Estudos prévios conduzidos por Boyd e colaboradores (2006) demonstraram o
potencial da citometria de fluxo no controle de processos biotecnológicos na produção de
cerveja. Nessa investigação os autores propõem um método para a determinação citométrica
66
da viabilidade de leveduras por meio da utilização da sonda fluorescente oxonol, um corante
lipofílico e aniônico que acumula no citoplasma de células mortas. Após a incubação das
leveduras, obtidas do processo de fermentação do mosto cervejeiro, com o referido corante,
foi possível determinar o percentual de células fluorescentes (mortas) e não fluorescentes
(viáveis). Esse ensaio se mostrou mais sensível e reprodutível quando comparado ao ensaio
clássico utilizando-se a marcação das células com o corante azul de metileno, seguido de
análise microscópica. Segundo os autores, a possibilidade de análise de um grande número de
células pela citometria de fluxo foi um fator preponderante na reprodutibilidade dos dados.

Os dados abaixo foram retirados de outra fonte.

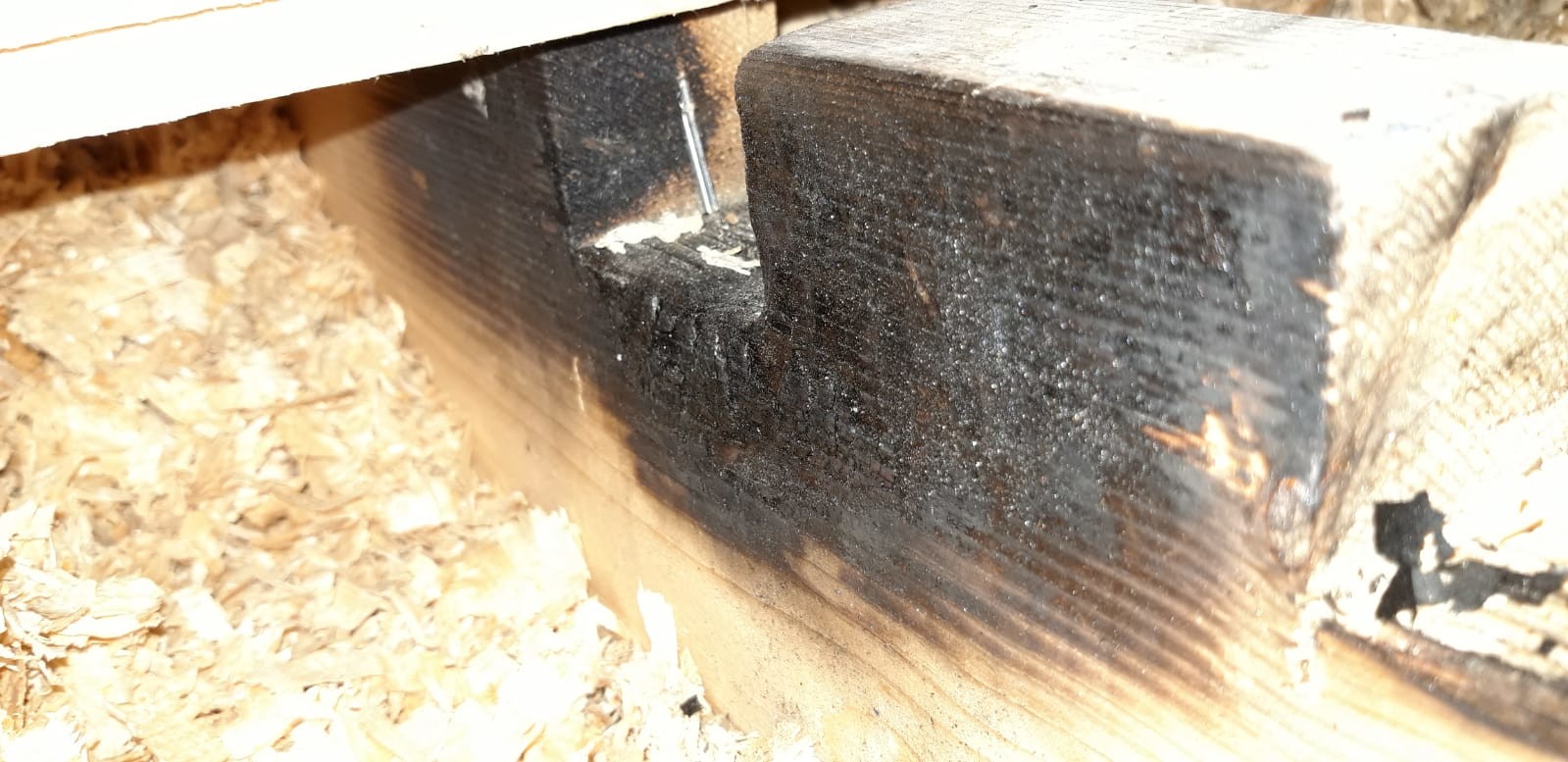 Men är det bränt så behöver jag ju inte såga bort det. Bara förstärka så jag får något att skruva plankorna i.
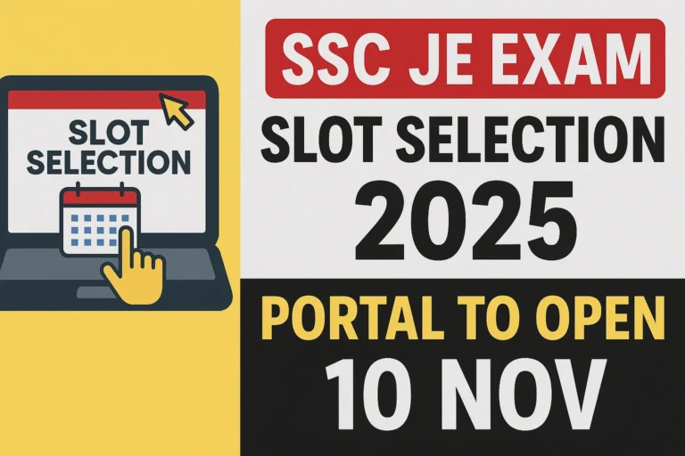 SSC JE Exam Slot Selection 2025: 10 नवंबर से खुलेगा पोर्टल, उम्मीदवार ऐसे करें स्लॉट बुकिंग और शहर चयनExam By Rohit Saini / November 8, 2025
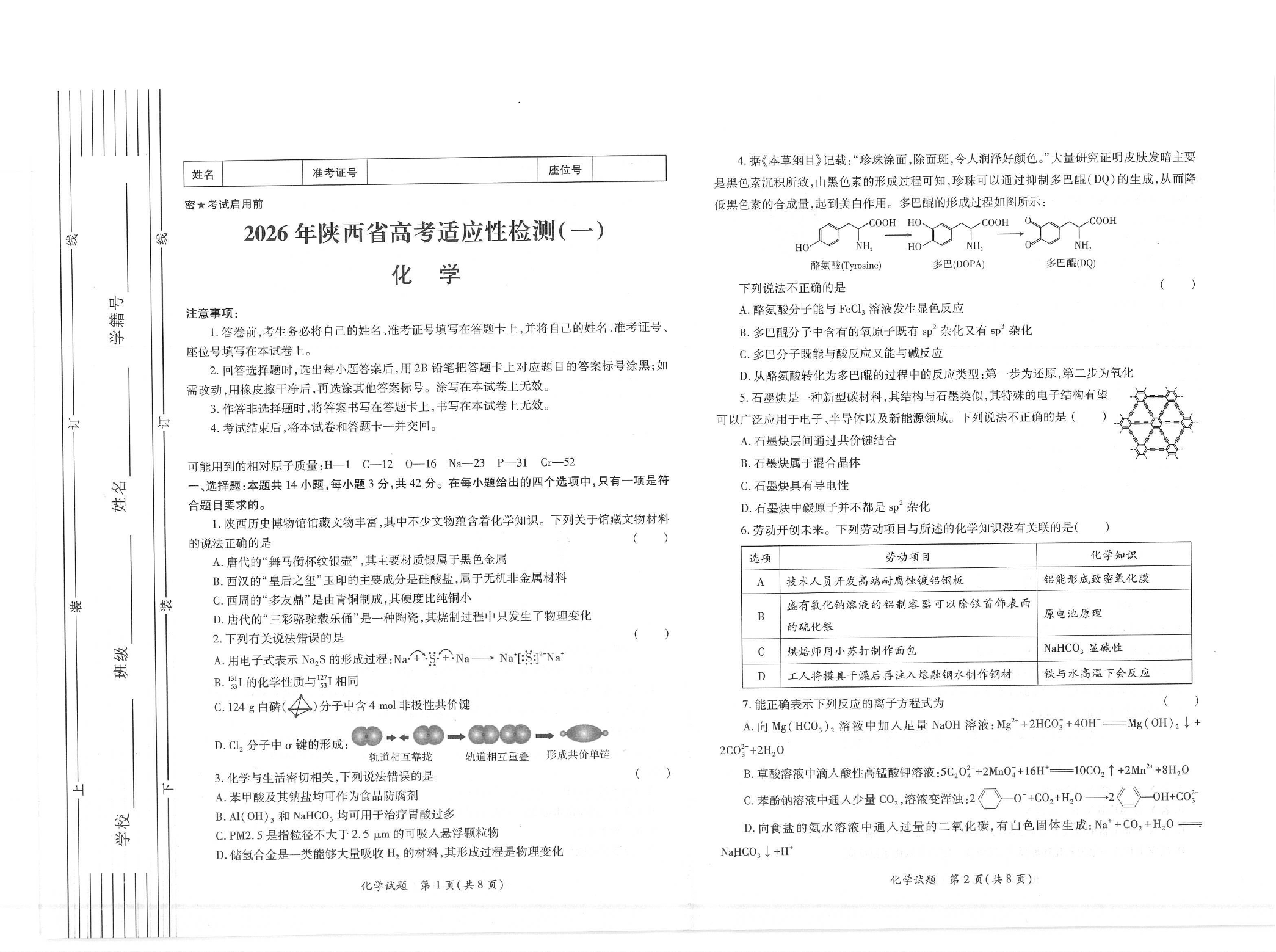 2026年陕西省高考适应性检测(一)化学试卷(含答案).pdf
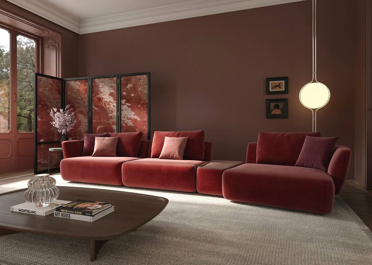 Диван VERITAS из новой коллекции в глубоком оттенке Crimson Bloom - как раз про это состояние. Мягкие формы, актуальный силуэт и продуманная посадка делают его не просто акцентом, а центром притяжения в гостиной. Иногда для обновления пространства достаточно одного правильного цвета ❤️

O presente estudo teve como principal objetivo a proposição da citometria de fluxo
como uma técnica alternativa para a análise do crescimento e heterogeneidade populacional
de leveduras comerciais de S. cerevisiae. No entanto, a citometria de fluxo também possibilita
a avaliação de diversos outros parâmetros, sejam eles fisiológicos e bioquímicos, de maneira
simultânea, ao longo de processos biotecnológicos. A utilização de anticorpos específicos
conjugados a fluorocromos e direcionados para marcadores celulares específicos da estrutura
celular, bem como a utilização de substâncias capazes de emitir fluorescência após a ação de
enzimas presentes no interior das células, faz com que a citometria possa ser utilizada para a
observação de diversos mecanismos moleculares que possam influenciar no processo
produtivo biotecnológico, tais como a expressão e atividade de enzimas, bem como a
produção de metabólitos de interesse. Nesse sentido, a citometria de fluxo, além de
possibilitar a análise do processo fermentativo como demonstrado aqui, abre perspectivas para
investigações futuras em outras áreas biotecnológicas.
67
7 CONCLUSÕES
A partir dos resultados obtidos, corantes normalmente utilizados para avaliação de
proliferação de células humanas, também podem ser usados para avaliar o crescimento da
levedura, uma vez que através da citometria de fluxo, por meio da marcação intracelular do
fluorocromo CFSE, foi capaz de demonstrar o decaimento da fluorescência do fluorocromo
específico para análise de proliferação celular ao longo do tempo de incubação da levedura
Saccharomyces cerevisiae.
A citometria de fluxo foi capaz de demonstrar diferenças morfológicas ao longo do
processo fermentativo, através das alterações no tamanho e complexidade interna de células
em crescimento. Verificou-se também que as análises realizadas em tempos menores (de 3 em
3 horas de incubação) obteve melhor configuração observada para o estudo da população
celular de interesse.
A técnica de citometria de fluxo também foi utilizada para mensurar o número de
células ao longo do processo de multiplicação de leveduras, demonstrando que a citometria de
fluxo pode ser um método multiparamétrico interessante e alternativo para estudos
quantitativos e principalmente com a capacidade de análise de um número expressivo de
células.
De acordo com os dados obtidos no presente estudo concluiu-se que a análise do
comportamento proliferativo, tais como crescimento celular, tamanho e granulosidade
(complexidade) de S. cerevisiae foram possíveis de ser realizada por citometria de fluxo. A
possibilidade de uso de sondas fluorescentes para marcação intracelular dessa levedura
também abriu perspectivas para o uso da técnica para detecção ou quantificação de outros
parâmetros bioquímicos e fisiológicos de interesse biotecnológico.